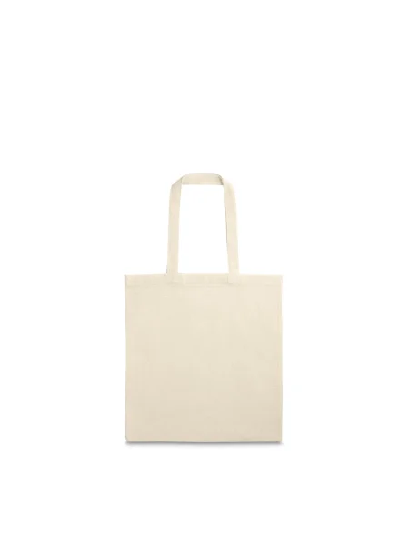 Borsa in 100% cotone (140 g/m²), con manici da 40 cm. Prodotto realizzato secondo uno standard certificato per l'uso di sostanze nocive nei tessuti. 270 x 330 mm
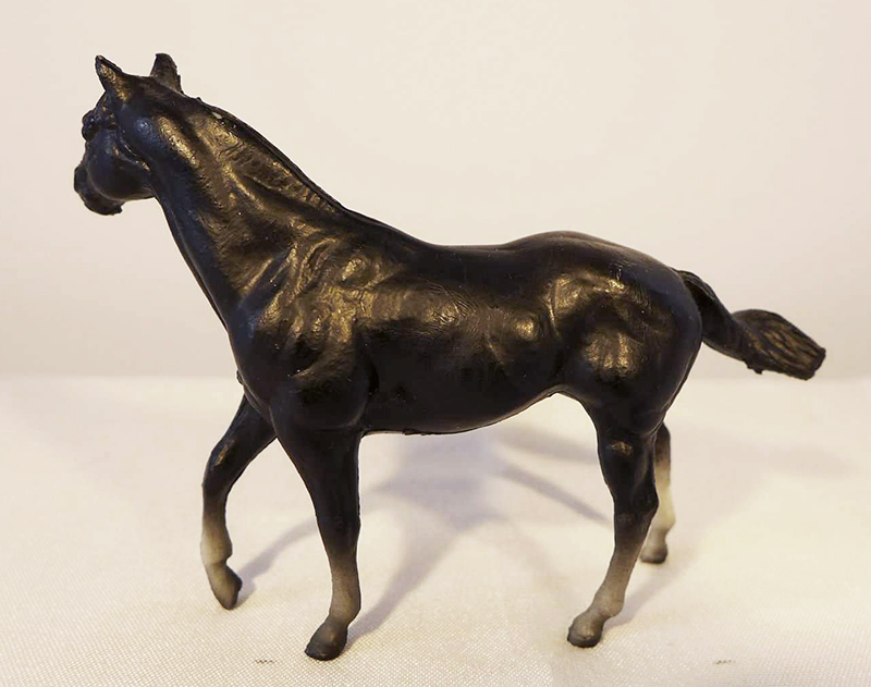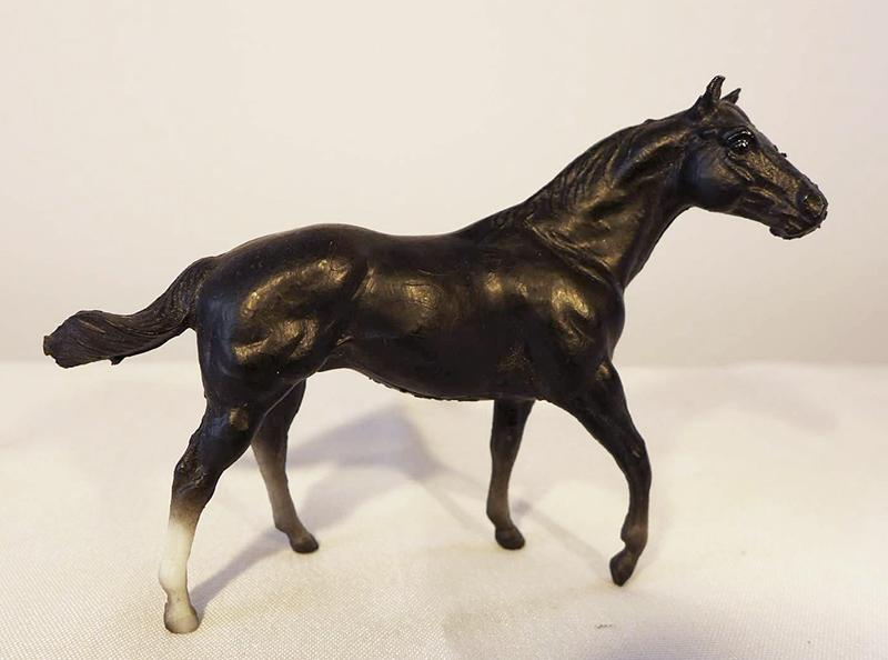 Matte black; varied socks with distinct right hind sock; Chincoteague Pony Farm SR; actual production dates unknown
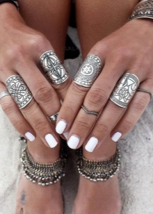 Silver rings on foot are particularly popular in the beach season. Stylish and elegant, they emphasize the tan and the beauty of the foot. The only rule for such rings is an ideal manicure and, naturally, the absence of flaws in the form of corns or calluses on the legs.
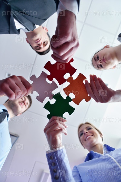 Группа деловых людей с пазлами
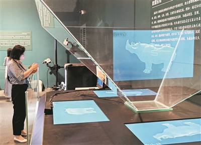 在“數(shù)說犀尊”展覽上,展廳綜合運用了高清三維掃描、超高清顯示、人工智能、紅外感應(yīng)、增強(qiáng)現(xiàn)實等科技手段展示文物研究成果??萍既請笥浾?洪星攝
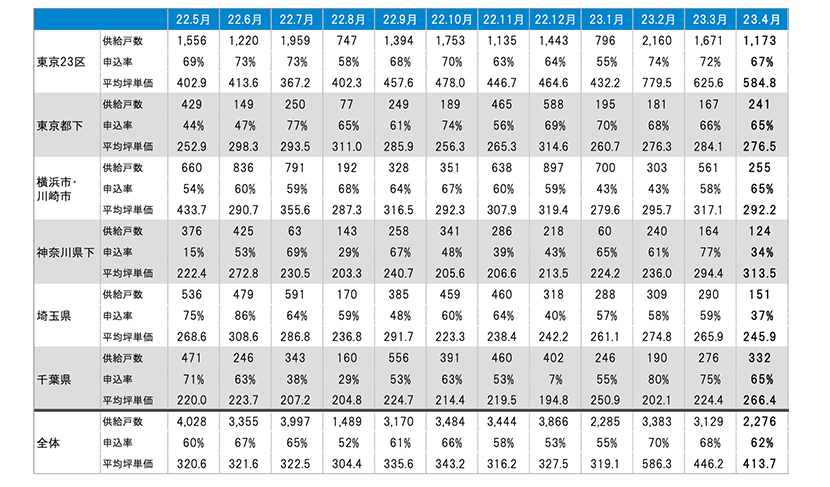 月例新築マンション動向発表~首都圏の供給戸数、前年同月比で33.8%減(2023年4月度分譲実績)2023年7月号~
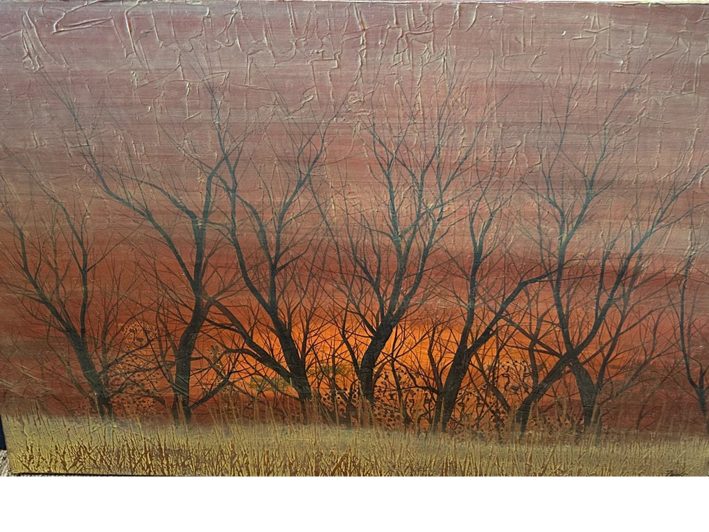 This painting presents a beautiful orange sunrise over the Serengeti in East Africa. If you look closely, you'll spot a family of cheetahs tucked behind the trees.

◇ ◇ ◇

» What you should do: Without any pictures, reproduce exactly the lines from the line that contains "Matte black; varied" to the end of the entries above, both ends included.

» Your solution:
 Matte black; varied socks with distinct right hind sock; Chincoteague Pony Farm SR; actual production dates unknown
 Silver rings on foot are particularly popular in the beach season. Stylish and elegant, they emphasize the tan and the beauty of the foot. The only rule for such rings is an ideal manicure and, naturally, the absence of flaws in the form of corns or calluses on the legs.
 Группа деловых людей с пазлами
 在“數(shù)說犀尊”展覽上,展廳綜合運用了高清三維掃描、超高清顯示、人工智能、紅外感應(yīng)、增強(qiáng)現(xiàn)實等科技手段展示文物研究成果??萍既請笥浾?洪星攝
 月例新築マンション動向発表~首都圏の供給戸数、前年同月比で33.8%減(2023年4月度分譲実績)2023年7月号~
 This painting presents a beautiful orange sunrise over the Serengeti in East Africa. If you look closely, you'll spot a family of cheetahs tucked behind the trees.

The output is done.